Collected material:
§
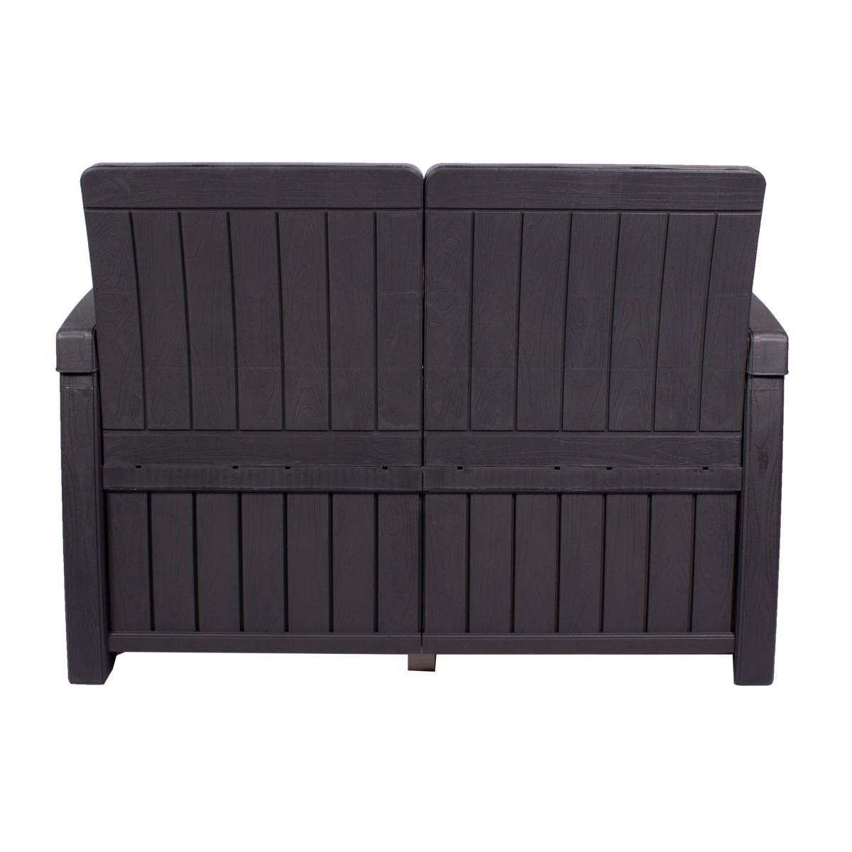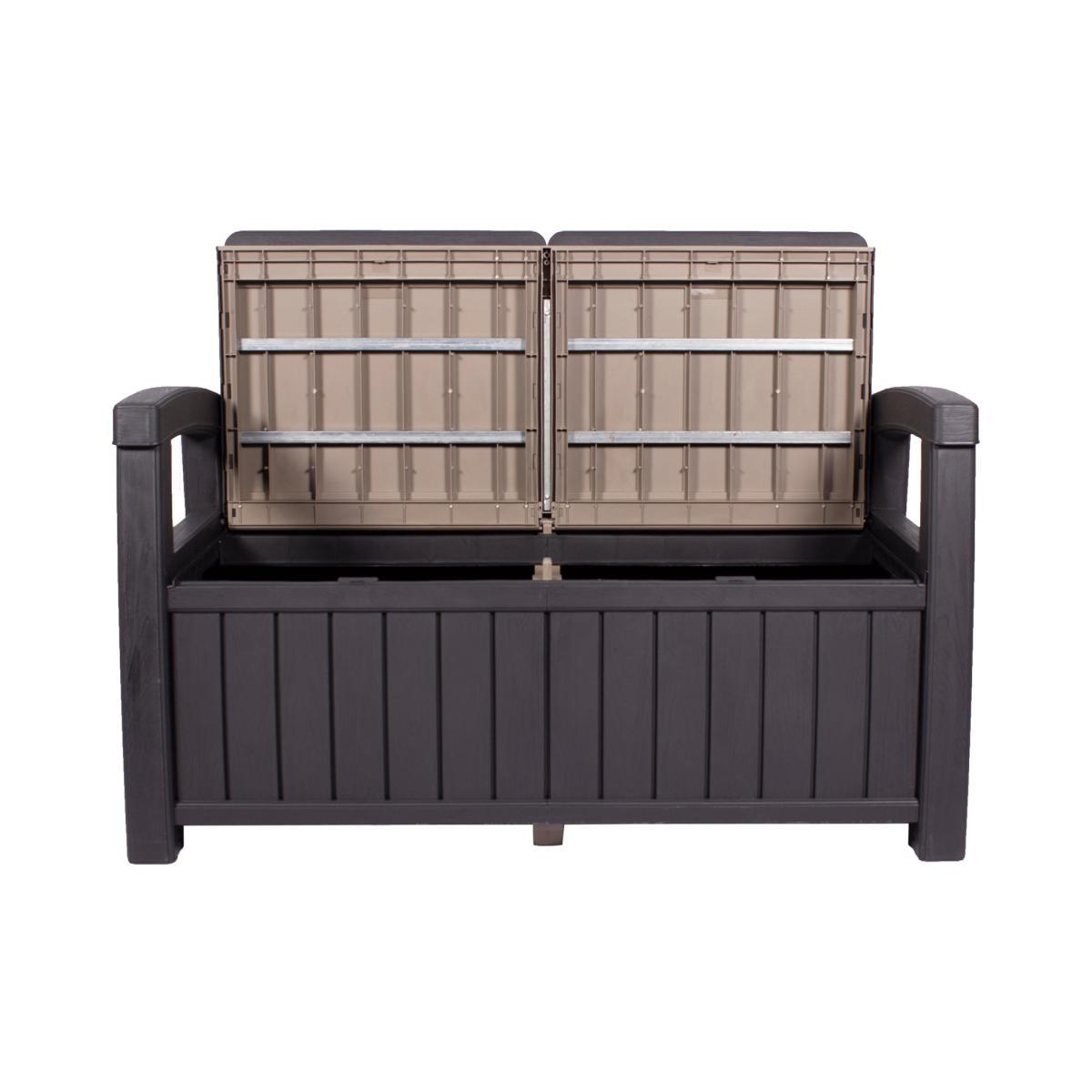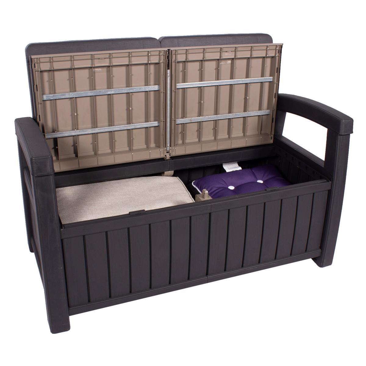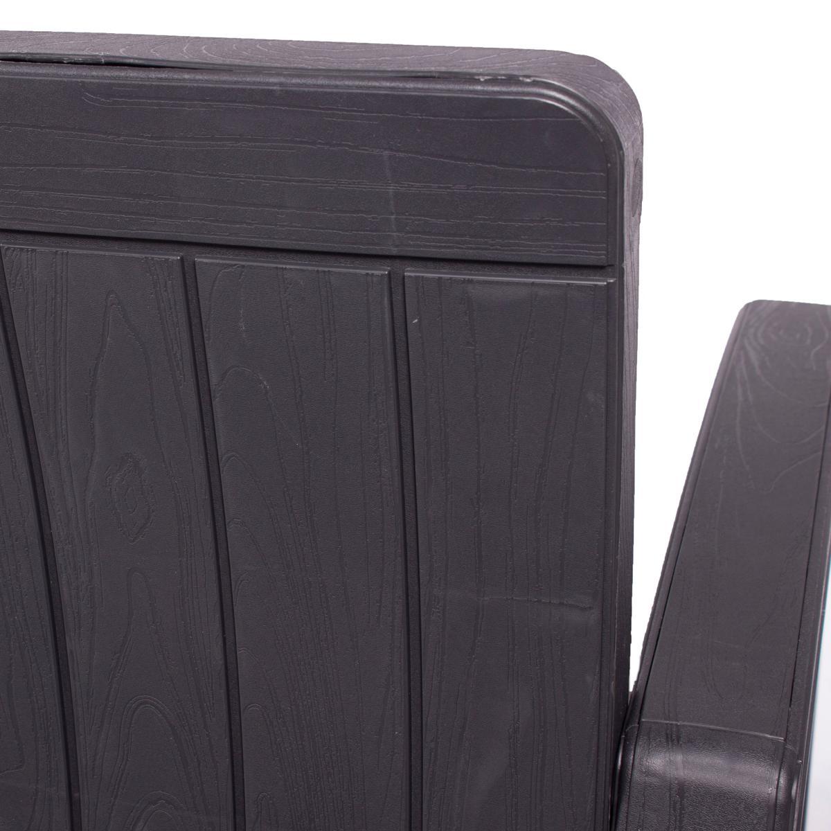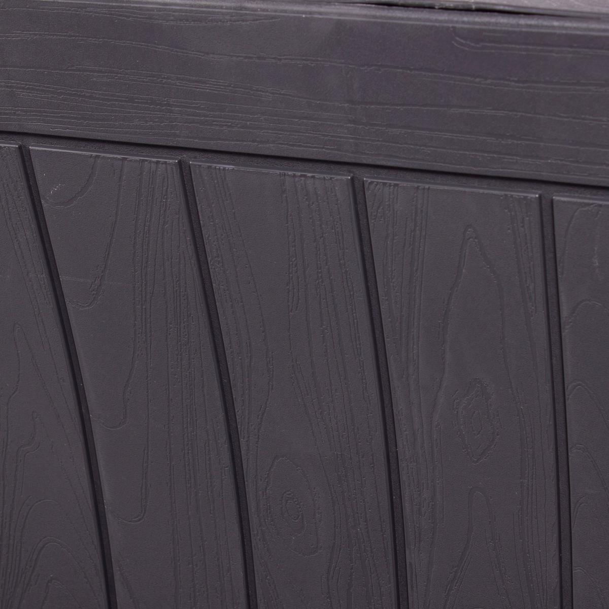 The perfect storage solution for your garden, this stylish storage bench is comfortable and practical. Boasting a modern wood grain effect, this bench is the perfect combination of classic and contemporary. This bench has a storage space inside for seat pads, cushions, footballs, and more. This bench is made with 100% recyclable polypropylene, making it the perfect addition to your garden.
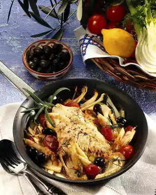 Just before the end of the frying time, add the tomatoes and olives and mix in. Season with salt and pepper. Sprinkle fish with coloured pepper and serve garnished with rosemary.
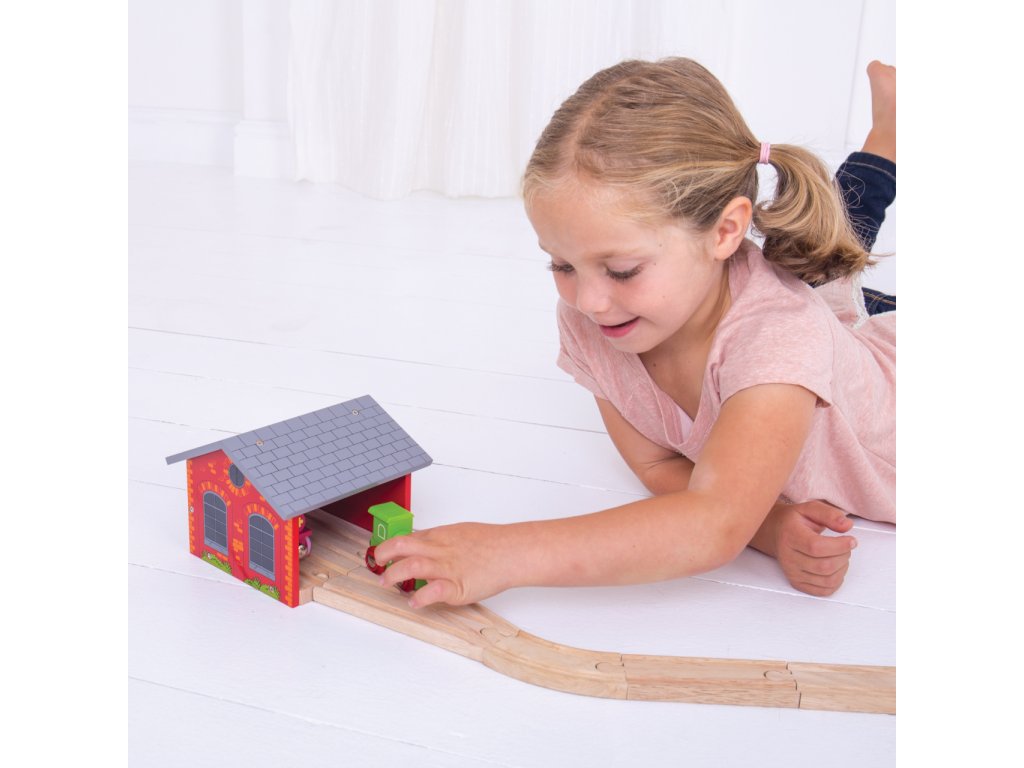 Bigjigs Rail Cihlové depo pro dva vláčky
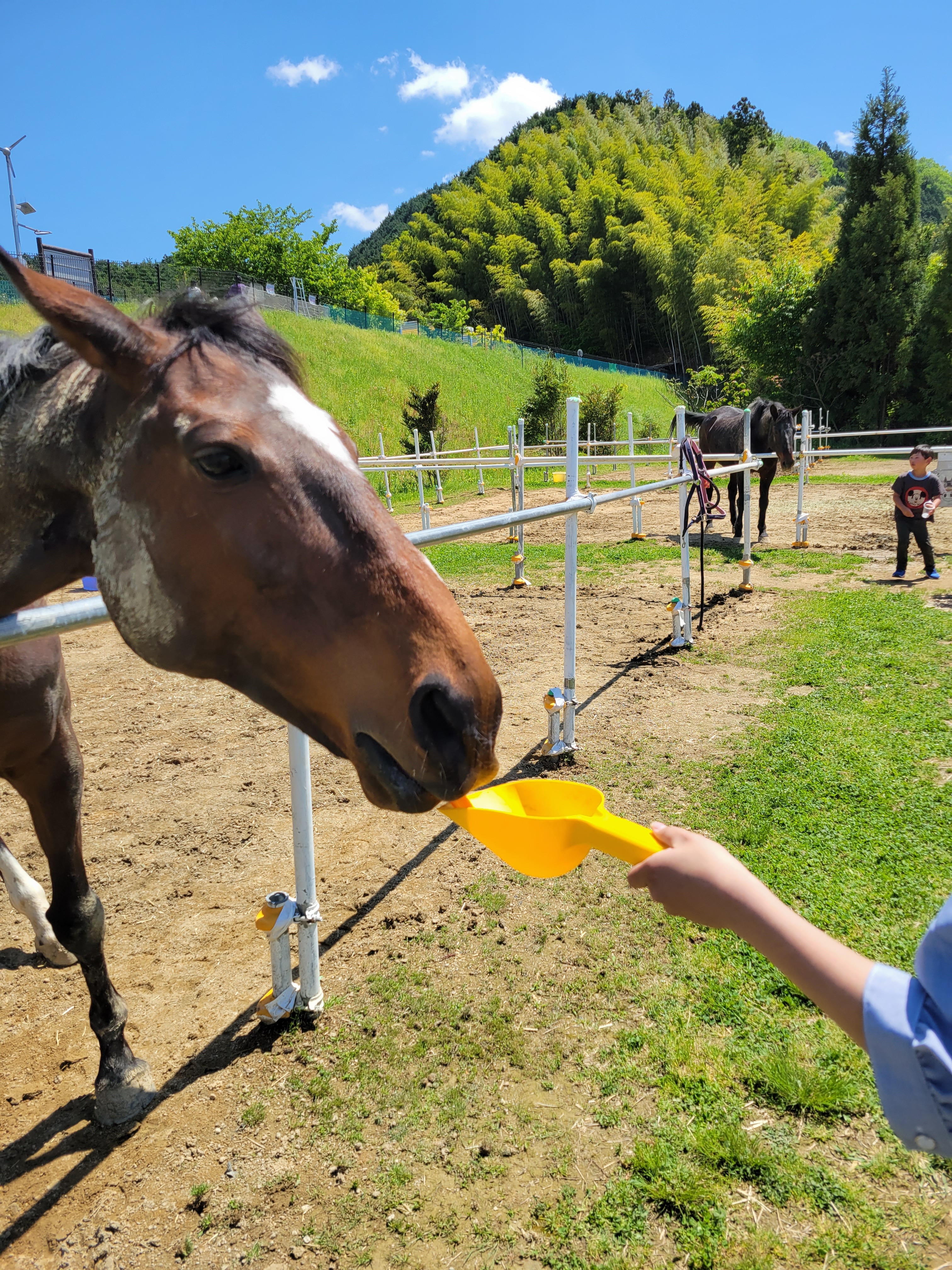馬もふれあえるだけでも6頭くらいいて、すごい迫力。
§
Aim of the task: What the answer needs is every line from the one containing "Bigjigs Rail Cihlové depo pro dva vláčky" through the final line of the data above, copied exactly, without pictures.

Exercise result:
 Bigjigs Rail Cihlové depo pro dva vláčky
馬もふれあえるだけでも6頭くらいいて、すごい迫力。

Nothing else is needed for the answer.